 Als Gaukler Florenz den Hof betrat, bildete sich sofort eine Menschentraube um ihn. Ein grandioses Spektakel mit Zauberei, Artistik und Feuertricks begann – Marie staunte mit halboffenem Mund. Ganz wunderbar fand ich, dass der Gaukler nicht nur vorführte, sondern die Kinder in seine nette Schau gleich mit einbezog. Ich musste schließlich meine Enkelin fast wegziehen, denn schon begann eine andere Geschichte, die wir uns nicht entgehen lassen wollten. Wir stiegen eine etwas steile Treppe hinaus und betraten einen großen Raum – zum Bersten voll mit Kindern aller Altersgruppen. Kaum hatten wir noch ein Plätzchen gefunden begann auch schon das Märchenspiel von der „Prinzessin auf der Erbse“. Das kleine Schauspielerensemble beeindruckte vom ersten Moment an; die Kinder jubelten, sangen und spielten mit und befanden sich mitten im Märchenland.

==

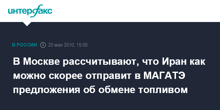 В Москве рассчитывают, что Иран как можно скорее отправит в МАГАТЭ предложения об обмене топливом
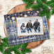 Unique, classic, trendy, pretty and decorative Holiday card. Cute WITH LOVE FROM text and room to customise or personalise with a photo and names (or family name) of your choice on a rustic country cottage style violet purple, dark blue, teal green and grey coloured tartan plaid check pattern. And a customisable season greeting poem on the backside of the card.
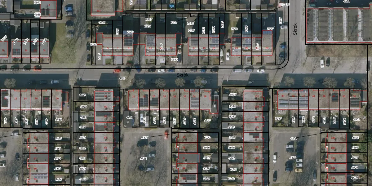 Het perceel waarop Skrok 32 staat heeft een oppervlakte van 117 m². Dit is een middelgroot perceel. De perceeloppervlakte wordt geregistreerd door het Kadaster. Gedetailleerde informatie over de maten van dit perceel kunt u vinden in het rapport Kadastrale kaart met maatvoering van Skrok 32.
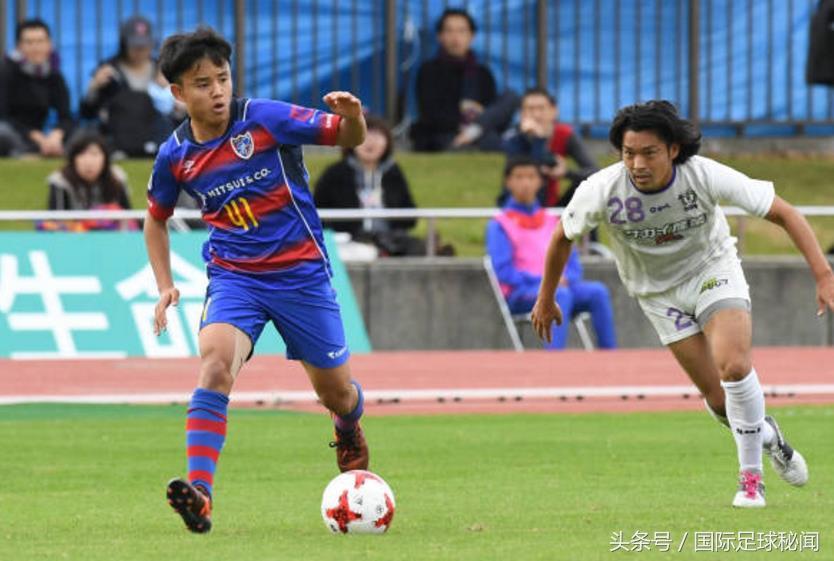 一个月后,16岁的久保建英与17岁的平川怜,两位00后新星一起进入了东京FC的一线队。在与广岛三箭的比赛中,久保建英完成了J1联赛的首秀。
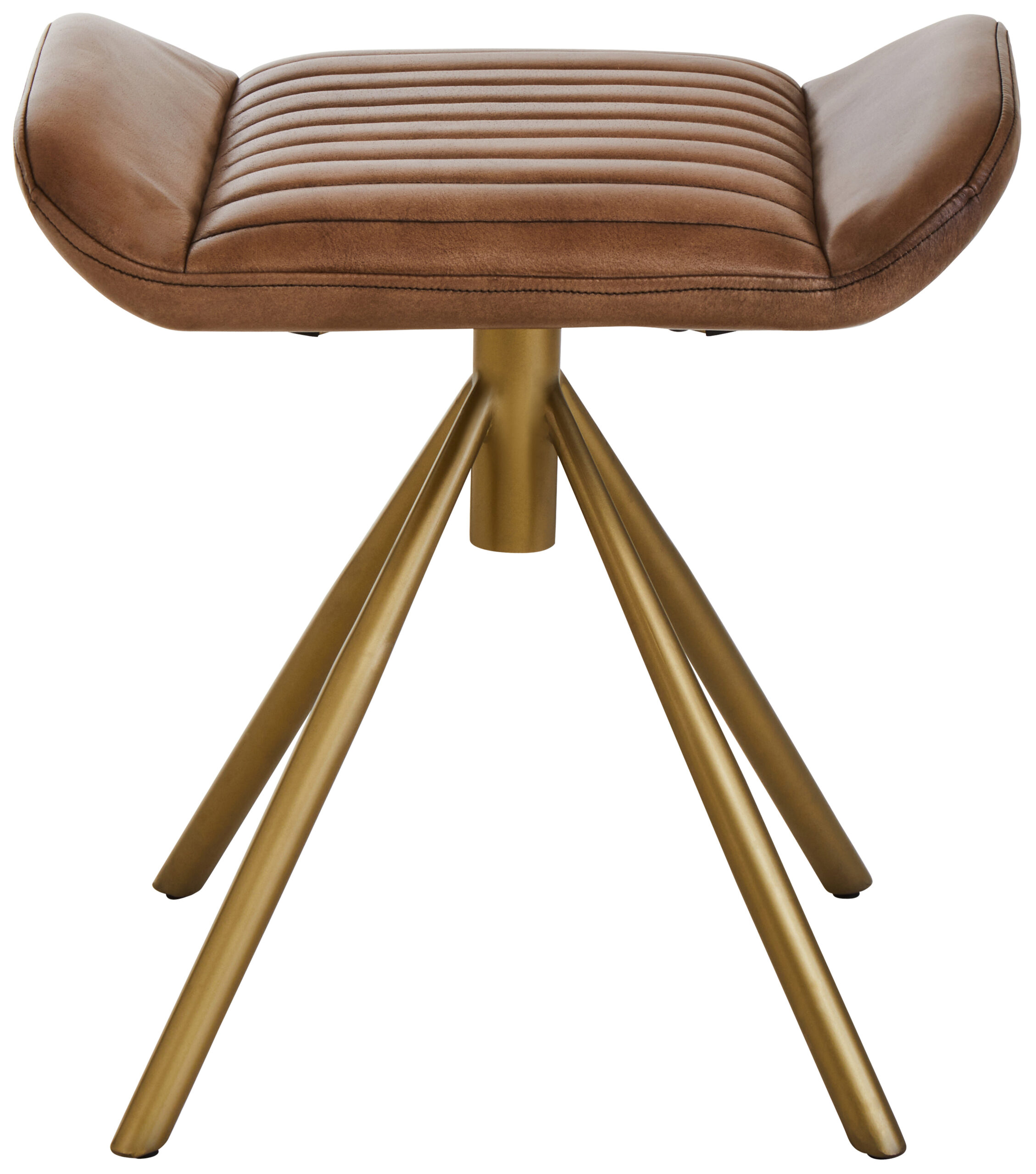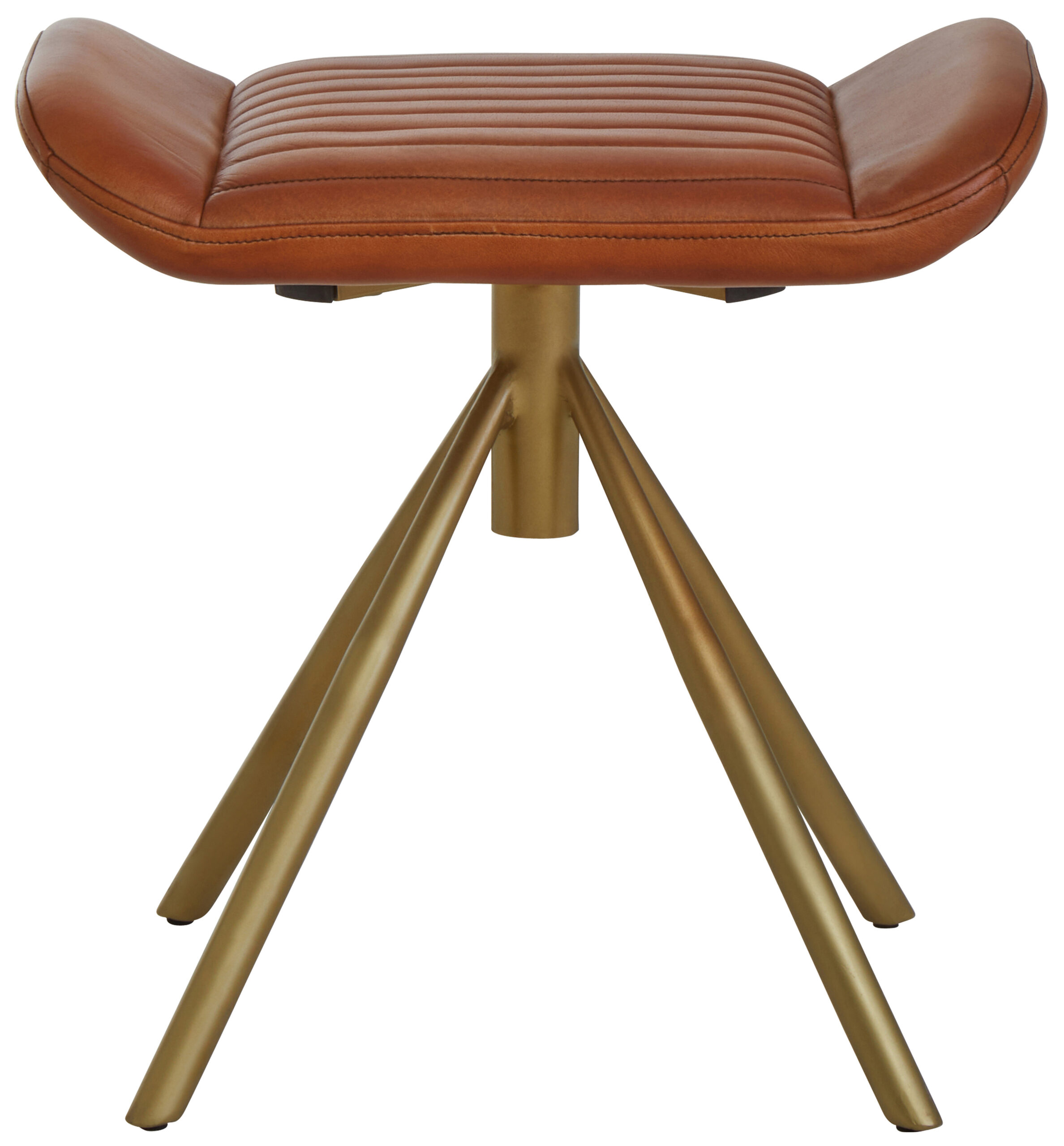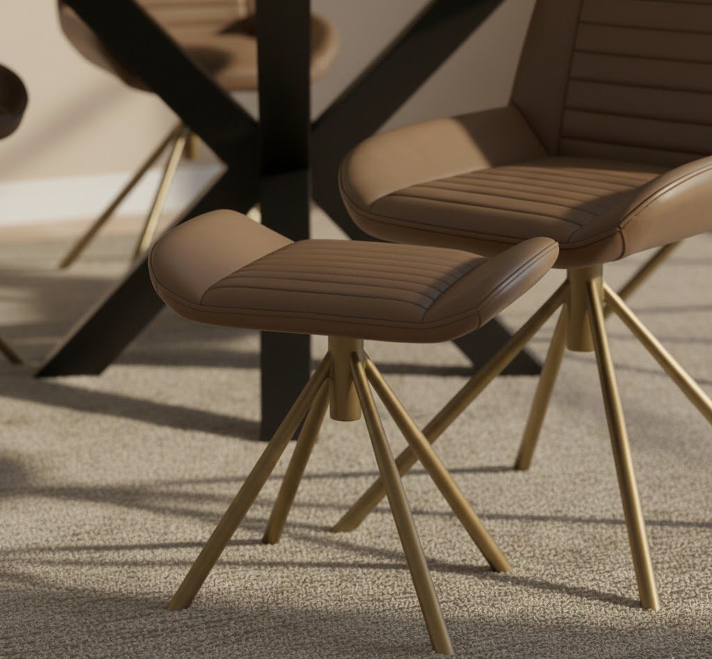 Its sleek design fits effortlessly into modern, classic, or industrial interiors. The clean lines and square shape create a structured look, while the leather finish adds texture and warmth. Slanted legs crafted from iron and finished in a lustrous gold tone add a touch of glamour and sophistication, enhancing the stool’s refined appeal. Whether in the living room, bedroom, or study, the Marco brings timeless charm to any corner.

- TASK TO COMPLETE -
Among the entries above, copy exactly the stretch from the line holding "一个月后,16岁的久保建英与" through the line holding "Its sleek design", leaving out any pictures.

- PROBLEM SOLUTION -
 一个月后,16岁的久保建英与17岁的平川怜,两位00后新星一起进入了东京FC的一线队。在与广岛三箭的比赛中,久保建英完成了J1联赛的首秀。
 Its sleek design fits effortlessly into modern, classic, or industrial interiors. The clean lines and square shape create a structured look, while the leather finish adds texture and warmth. Slanted legs crafted from iron and finished in a lustrous gold tone add a touch of glamour and sophistication, enhancing the stool’s refined appeal. Whether in the living room, bedroom, or study, the Marco brings timeless charm to any corner.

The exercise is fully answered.